• _Task requirements_: Skip all pictures. Write out the data below from its first line through the line that contains "CHANEL 95S Vintage".

• _Records supplied_:
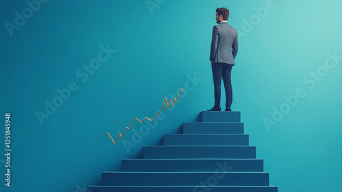Confident Businessperson Standing at the Top of a Staircase
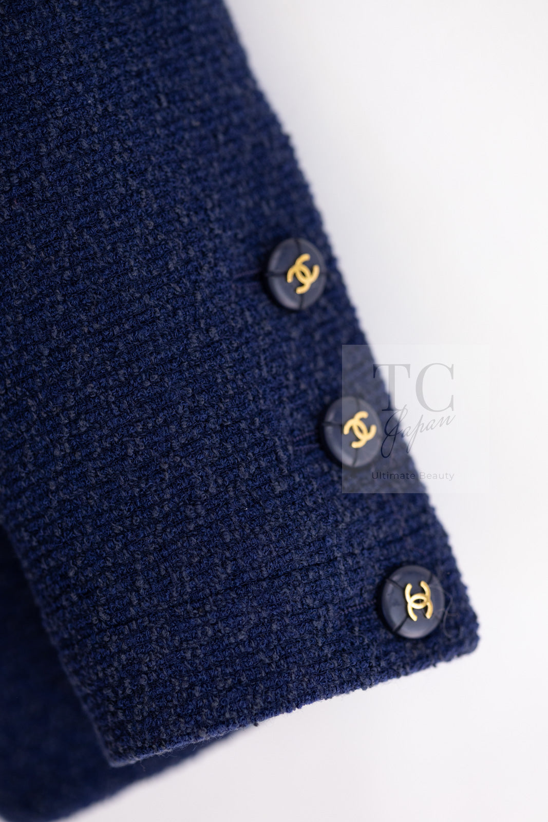 CHANEL 95S Vintage Navy Wool Cotton Jacket 36 38 シャネル ヴィンテージ ネイビー ウール コットン ジャケット 即発
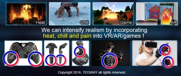 Tegway是一家矫捷热电安拆(F-TED)的制制商,成立于2014年9月,是韩国科技大学(KAIST)的分支布局,曾正在2016年研发出全球首款高机能的F-TED产物。针对强劲的VR市场需求,TEGway基于其 F-TED 手艺, 推出了「ThermoReal」热电安拆,使玩家正在体验 VR 或 AR时,能正在从中感遭到温度的冷热变化,以至痛苦悲伤。
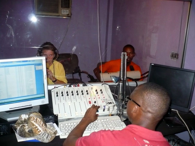 | 【明慧网二零一四年十一月十四日】(明慧记者周文英综合报道)二零一零年一月十二日,位于北大西洋的岛屿海地,在一场地震中饱经创伤。据统计,约三十万人死亡,三百七十万人受灾。然而,那里的法轮功修炼人中,没有人在地震中受灾,他们住的房子也没有受损,其中一人住在震灾中心,也是安然无恙。当地的法轮功学员说:“有师父保护,一切都好。” 时间上溯到二零零八年五月,法国法轮功学员阿妮塔第一次来到海地。她带来了六十多本《转法轮》,送给海地想修炼法轮功的人。同年九、十月,她再次来到海地。期间,她受到几家电台的邀请,第一次,她得到三十分钟的时间介绍法轮大法。第二次,她回答听众的问题。第三次,没有时间限制。法轮大法的福音在海地传播。  图1:二零零八年十月,阿妮塔在王子港地方电台介绍法轮功。 |
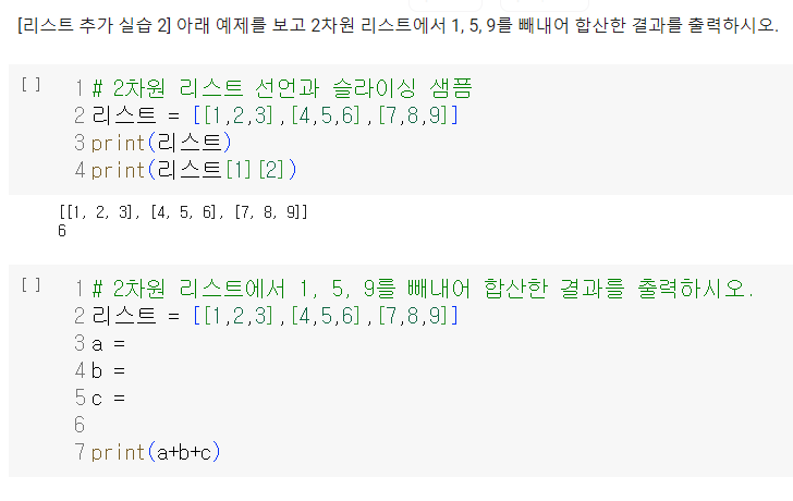 아래 코드를 완성시킨 뒤 동작시켜보자
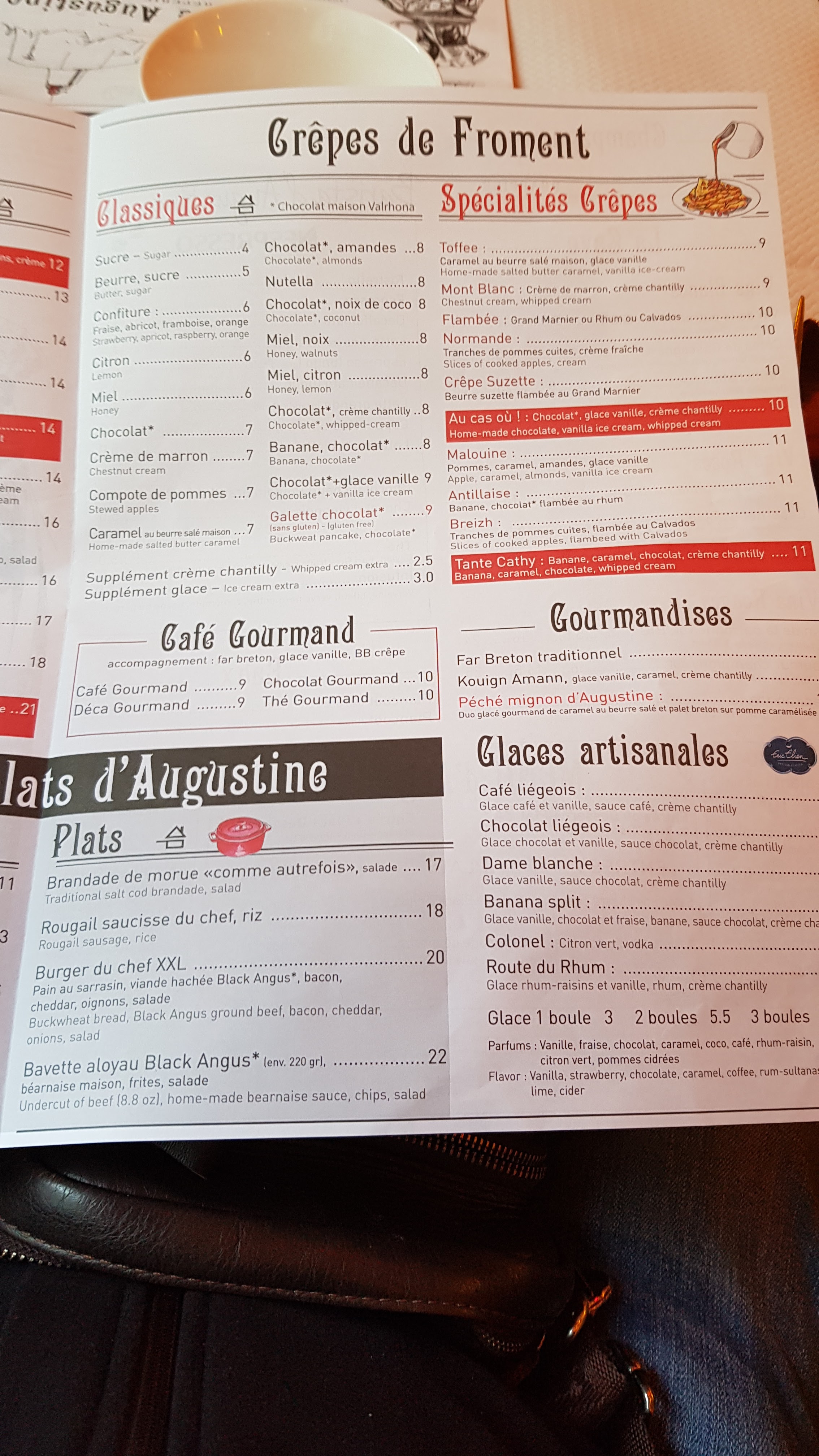 Nous avons été mangé dans la crêperie « la grand-mère de Augustine » à Saint-Malo. Nous avons été ravis ! Outre le tarif très abordables de 25 € pour un menu avec entrée et plat ou bien plat et dessert, la qualité est au rendez-vous la quantité également . je vous le conseille vivement ! l’accueil est chaleureux et le service rapide . Merci à toute l’équipe de ce restaurant crêperie!

• _Solution to this task_:
Confident Businessperson Standing at the Top of a Staircase
 CHANEL 95S Vintage Navy Wool Cotton Jacket 36 38 シャネル ヴィンテージ ネイビー ウール コットン ジャケット 即発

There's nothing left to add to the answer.